19edo is interesting as a flatter Meantone system; it is in fact very close to 1/3-comma Meantone (i.e. Meantone with exact 6/5). It has interordinals and supports Semaphore, which means that it treats half of its perfect fourth as a septimal (8/7) major second, leading to a very consonant 9-note MOS semiquartal (5L4s) that can be created from stacking its 8/7. 19edo is also a tuning of
- Kleismic (six 6/5's = 3/1) but with lower accuracy due to its 6/5 being barely sharpened at all
- Magic (five 5/4's = 3/1) with the generator 5/4 on the flat end
An early use of 19edo was in the mid-1500s by French composer Guillaume Costeley in his chanson "Seigneur Dieu ta pitie", in which he uses mostly the standard consonances from the diatonic scale (perfect fifth, major third, etc.) as contrapuntal consonances, but incorporates motions by a third of a tone that are outside the diatonic scale. A keyboard rendition of the chanson can be heard on YouTube.
Basic theory
Intervals and notation
19edo can be notated entirely with standard diatonic notation, with #/b = 1\19 and x/bb = 2\19. The enharmonic equivalences are E# = Fb and B# = Cb.
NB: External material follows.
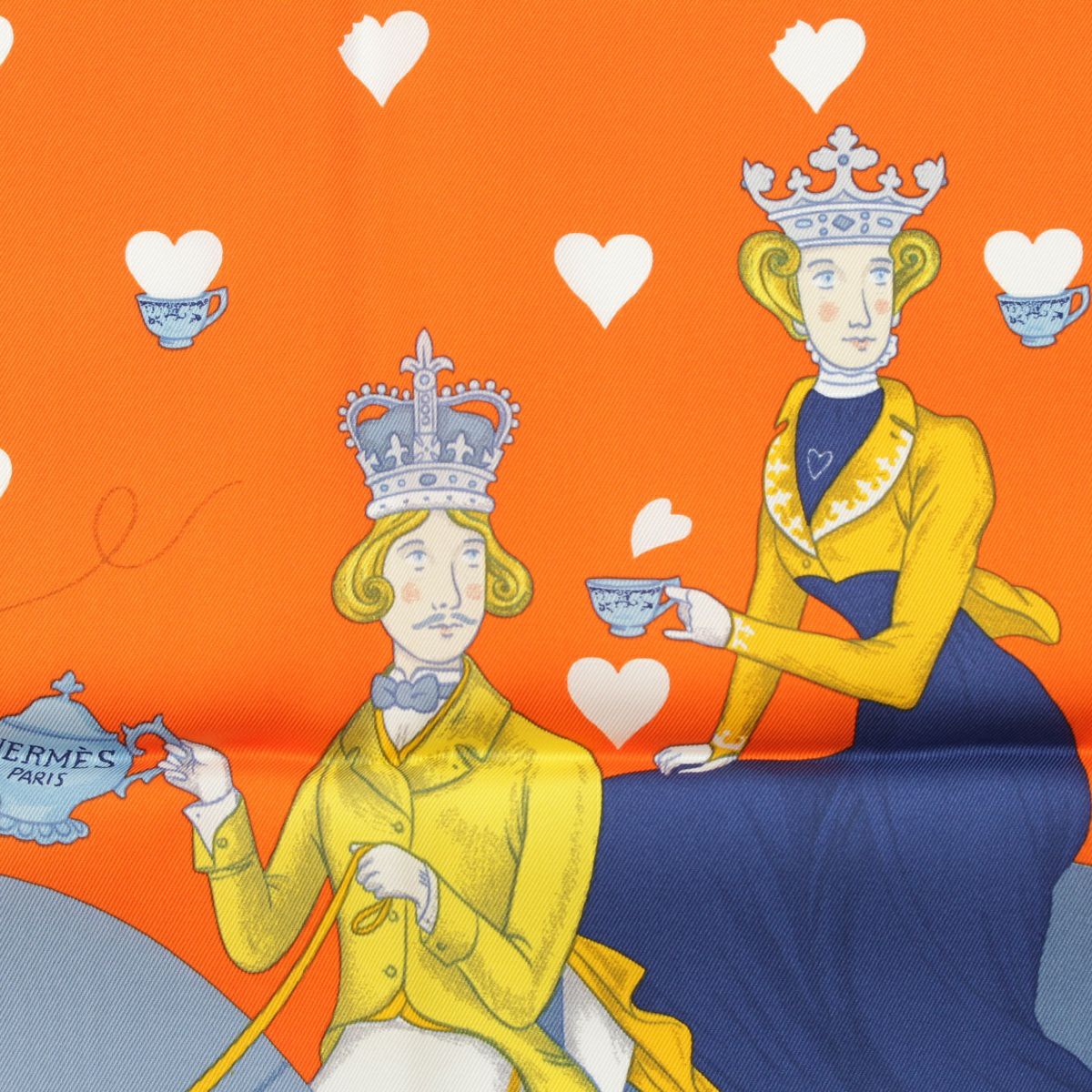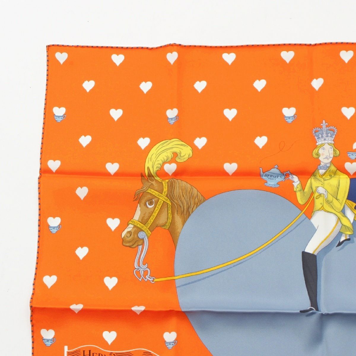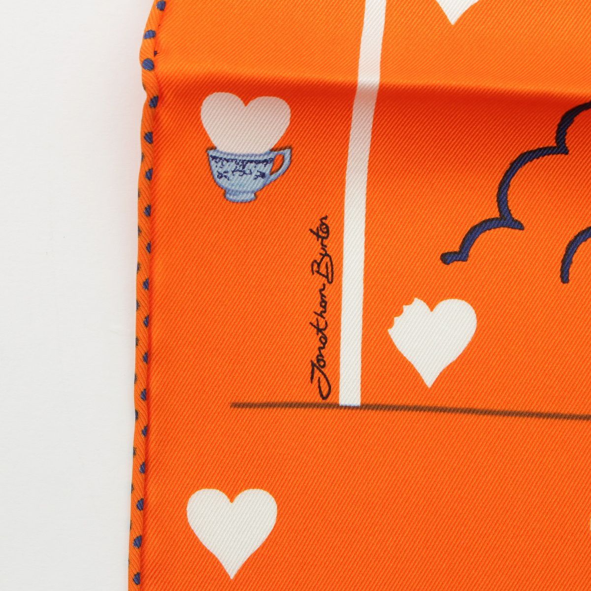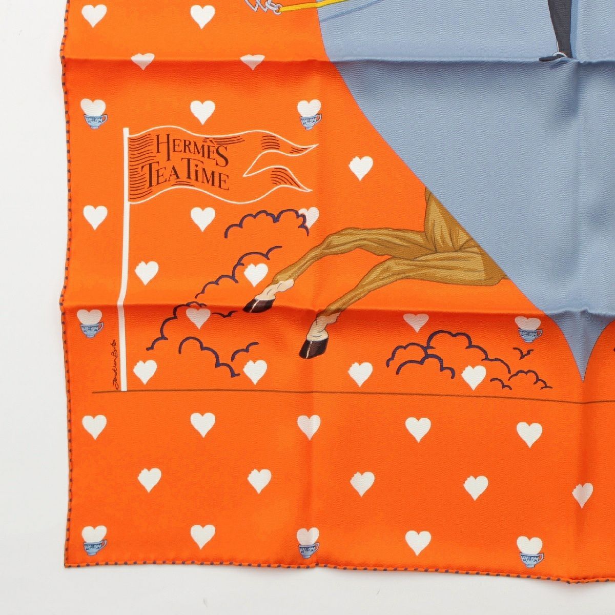 エルメス シルク カレ70 Tea Time ティータイム ハート スカーフ オレンジ

Prime harmonic approximations
| Harmonic | 2 | 3 | 5 | 7 | 11 | 13 | 17 | 19 | 23 | |
|---|---|---|---|---|---|---|---|---|---|---|
| Error | Absolute (¢) | 0.0 | -7.2 | -7.4 | -21.5 | +17.1 | -19.5 | +21.4 | +18.3 | +3.3 |
| Relative (%) | 0.0 | -11.4 | -11.7 | -34.0 | +27.1 | -30.8 | +33.8 | +28.9 | +5.2 | |
| Steps
(reduced) |
19
(0) |
30
(11) |
44
(6) |
53
(15) |
66
(9) |
70
(13) |
78
(2) |
81
(5) |
86
(10) | |
Edostep interpretations
19edo's edostep has the following interpretations in the 2.3.5.7.13 subgroup:
- 25/24 (the interval between 6/5 and 5/4)
- 26/25 (the interval between 25/16 and 13/8)
- 27/26 (the interval between 13/8 and 27/16)
- 28/27 (the interval between 9/8 and 7/6)
25/24 ~ 26/25 ~ 27/26 is the characteristic equivalence of 2.3.5.13 Kleismic.